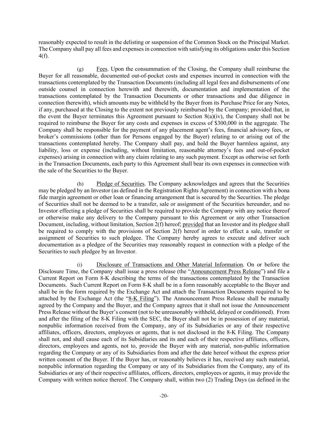 -20- reasonably expected to result in the delisting or suspension of the Common Stock on the Principal Market. The Company shall pay all fees and expenses in connection with satisfying its obligations under this Section 4(f). (g) Fees. Upon the consummation of the Closing, the Company shall reimburse the Buyer for all reasonable, documented out-of-pocket costs and expenses incurred in connection with the transactions contemplated by the Transaction Documents (including all legal fees and disbursements of one outside counsel in connection herewith and therewith, documentation and implementation of the transactions contemplated by the Transaction Documents or other transactions and due diligence in connection therewith), which amounts may be withheld by the Buyer from its Purchase Price for any Notes, if any, purchased at the Closing to the extent not previously reimbursed by the Company; provided that, in the event the Buyer terminates this Agreement pursuant to Section 8(a)(iv), the Company shall not be required to reimburse the Buyer for any costs and expenses in excess of $300,000 in the aggregate. The Company shall be responsible for the payment of any placement agent’s fees, financial advisory fees, or broker’s commissions (other than for Persons engaged by the Buyer) relating to or arising out of the transactions contemplated hereby. The Company shall pay, and hold the Buyer harmless against, any liability, loss or expense (including, without limitation, reasonable attorney’s fees and out-of-pocket expenses) arising in connection with any claim relating to any such payment. Except as otherwise set forth in the Transaction Documents, each party to this Agreement shall bear its own expenses in connection with the sale of the Securities to the Buyer. (h) Pledge of Securities. The Company acknowledges and agrees that the Securities may be pledged by an Investor (as defined in the Registration Rights Agreement) in connection with a bona fide margin agreement or other loan or financing arrangement that is secured by the Securities. The pledge of Securities shall not be deemed to be a transfer, sale or assignment of the Securities hereunder, and no Investor effecting a pledge of Securities shall be required to provide the Company with any notice thereof or otherwise make any delivery to the Company pursuant to this Agreement or any other Transaction Document, including, without limitation, Section 2(f) hereof; provided that an Investor and its pledgee shall be required to comply with the provisions of Section 2(f) hereof in order to effect a sale, transfer or assignment of Securities to such pledgee. The Company hereby agrees to execute and deliver such documentation as a pledgee of the Securities may reasonably request in connection with a pledge of the Securities to such pledgee by an Investor. (i) Disclosure of Transactions and Other Material Information. On or before the Disclosure Time, the Company shall issue a press release (the “Announcement Press Release”) and file a Current Report on Form 8-K describing the terms of the transactions contemplated by the Transaction Documents. Such Current Report on Form 8-K shall be in a form reasonably acceptable to the Buyer and shall be in the form required by the Exchange Act and attach the Transaction Documents required to be attached by the Exchange Act (the “8-K Filing”). The Announcement Press Release shall be mutually agreed by the Company and the Buyer, and the Company agrees that it shall not issue the Announcement Press Release without the Buyer’s consent (not to be unreasonably withheld, delayed or conditioned). From and after the filing of the 8-K Filing with the SEC, the Buyer shall not be in possession of any material, nonpublic information received from the Company, any of its Subsidiaries or any of their respective affiliates, officers, directors, employees or agents, that is not disclosed in the 8-K Filing. The Company shall not, and shall cause each of its Subsidiaries and its and each of their respective affiliates, officers, directors, employees and agents, not to, provide the Buyer with any material, non-public information regarding the Company or any of its Subsidiaries from and after the date hereof without the express prior written consent of the Buyer. If the Buyer has, or reasonably believes it has, received any such material, nonpublic information regarding the Company or any of its Subsidiaries from the Company, any of its Subsidiaries or any of their respective affiliates, officers, directors, employees or agents, it may provide the Company with written notice thereof. The Company shall, within two (2) Trading Days (as defined in the
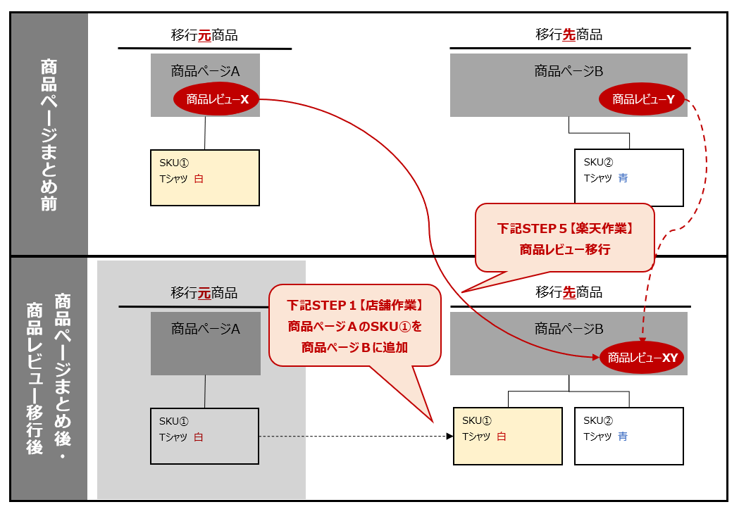 ▼商品レビュー移行のイメージ(ユーザからの見え方)
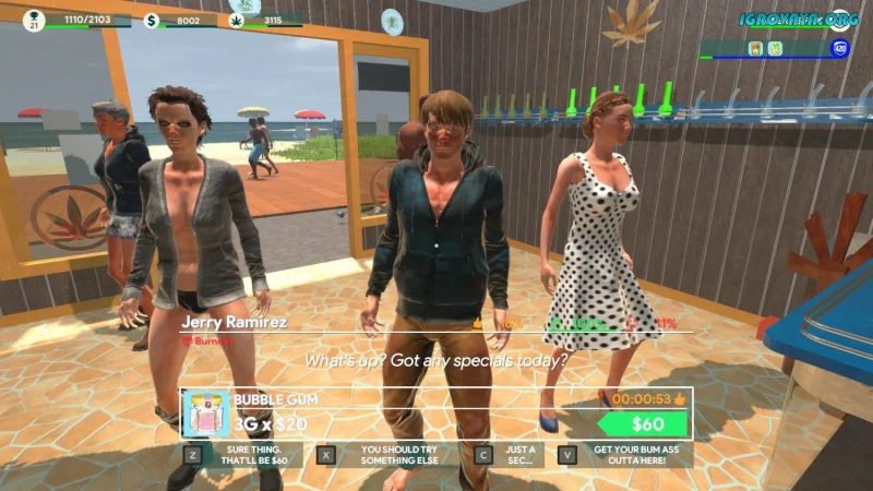 Weed Shop 3 — это не просто симулятор торговли, а целая жизнь с её взлетами, падениями и юмором. Игра заставит вас погрузиться в атмосферу курортного побережья, где каждый новый день приносит и вызовы, и удовольствия. Смельчакам тут точно не будет скучно!
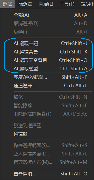 點擊 選擇 | AI 選擇頭髮 或按下 Ctrl + Shift + A。
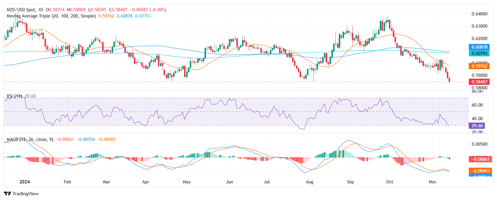 纽元/美元周四盘中下跌0.65%,跌破0.5900关口,连续第六天延续下跌,并创下2023年11月以来新低。看跌动能加剧,出现超卖信号。
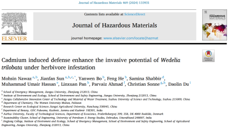 近日,我院环境生态与修复团队孙见凡老师在Journal of Hazardous Materials (IF: 13.6)上发表最新研究成果“Cadmium induced defense enhance the invasive potential of Wedelia trilobata under herbivore infestation”。江苏大学为第一完成单位,我院外籍博士后Mohsin Nawaz为第一作者,孙见凡老师为通讯作者。
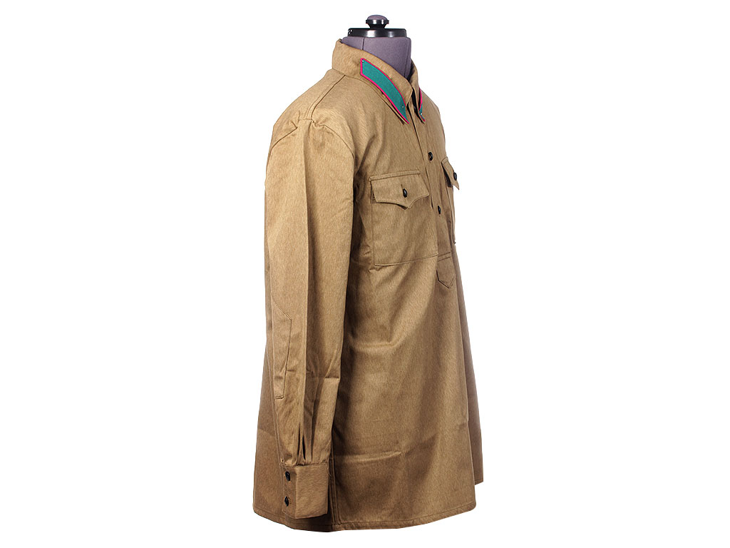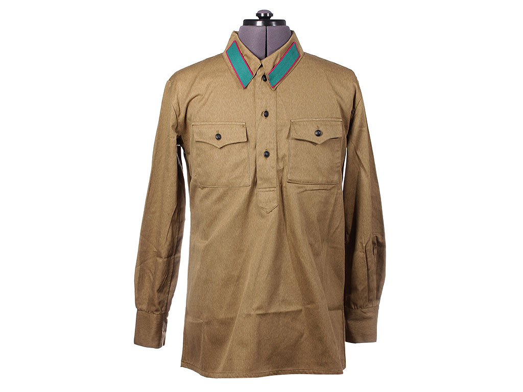 Изготовлена из хлопчатобумажной ткани защитного цвета с отложным воротником, застегивающимся на один крючок. На концах воротника нашиты петлицы установленного образца. Рубаха имеет нагрудную планку с застежкой на три пуговицы и два нагрудных пристроченных кармана с клапанами на одной пуговице. Рукава имеют обшлага с двумя пуговицами.

Exercise aim>
Respond with the exact lines above running from the one containing "纽元/美元周四盘中下跌0.6" to the one containing "近日,我院环境生态与修复团队孙见凡老师在Journal of Hazardous", both ends kept and no pictures included.

Response to the task>
 纽元/美元周四盘中下跌0.65%,跌破0.5900关口,连续第六天延续下跌,并创下2023年11月以来新低。看跌动能加剧,出现超卖信号。
 近日,我院环境生态与修复团队孙见凡老师在Journal of Hazardous Materials (IF: 13.6)上发表最新研究成果“Cadmium induced defense enhance the invasive potential of Wedelia trilobata under herbivore infestation”。江苏大学为第一完成单位,我院外籍博士后Mohsin Nawaz为第一作者,孙见凡老师为通讯作者。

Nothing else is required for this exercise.